Raw data >>
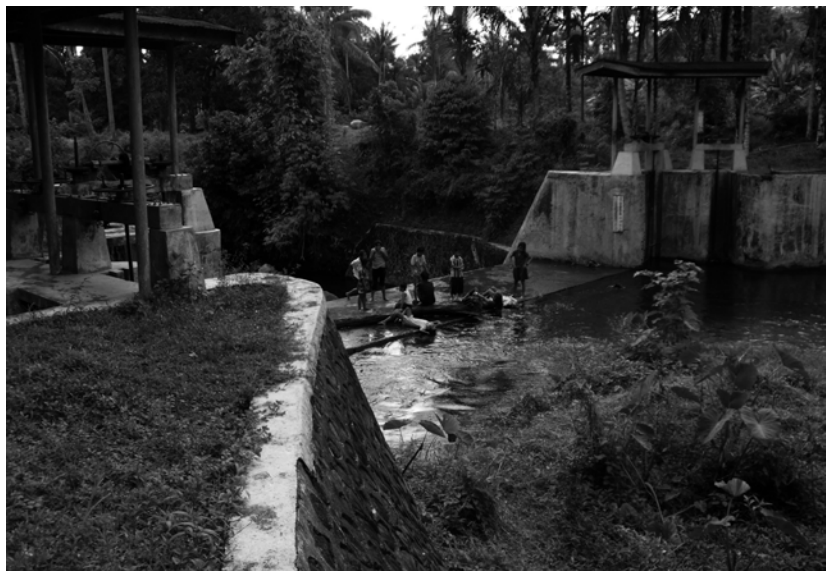
写真6 シチャウン灌漑水路。
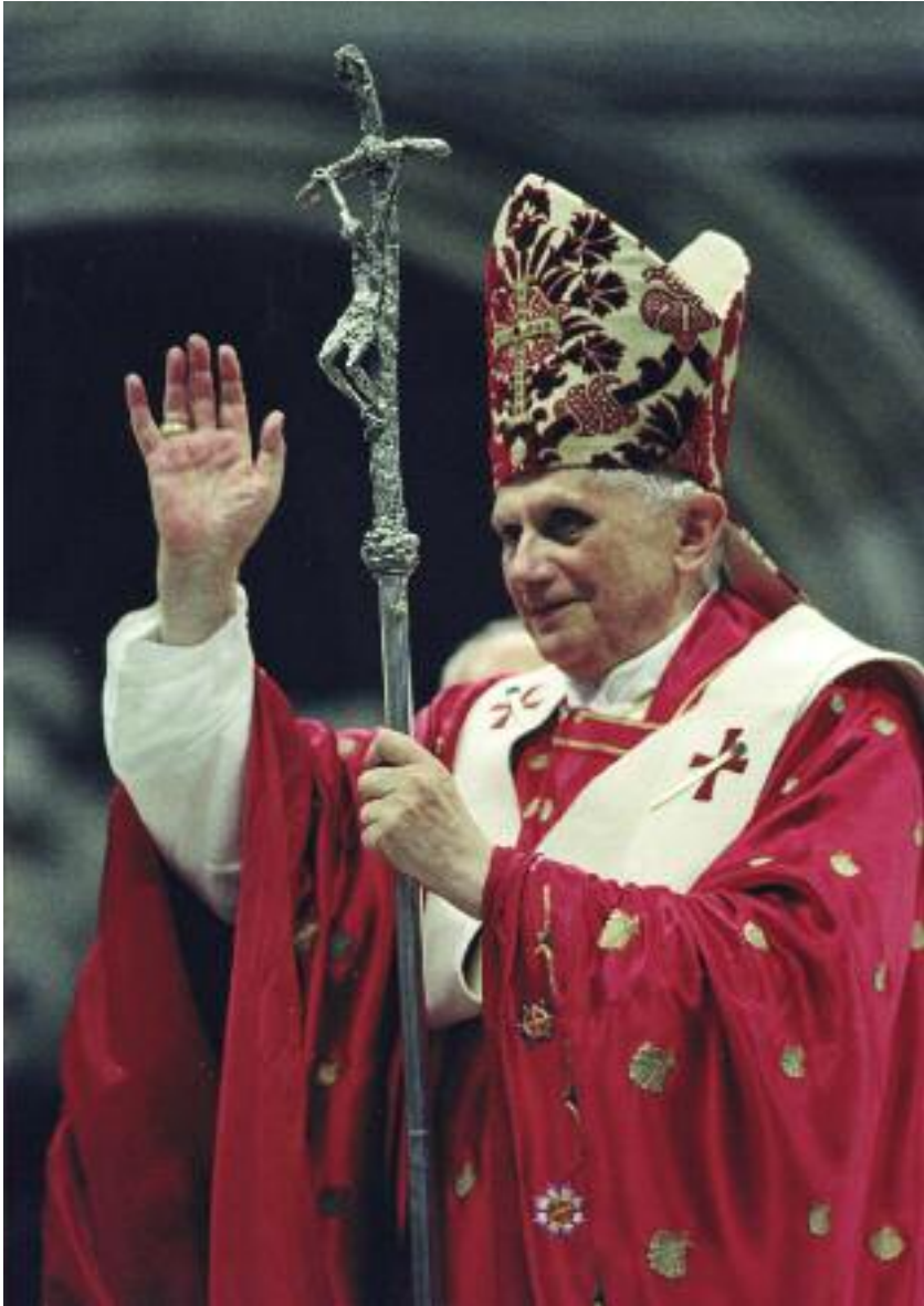
Papa Benedetto XVI
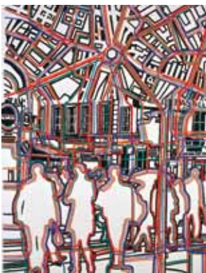
Bastille - connexion , 2007

collections privées et collection de l'artiste

Problem to solve >> Would it be possible to reproduce the material word for word, images omitted?

Output of the exercise >>
写真6 シチャウン灌漑水路。
Papa Benedetto XVI
Bastille - connexion , 2007

collections privées et collection de l'artiste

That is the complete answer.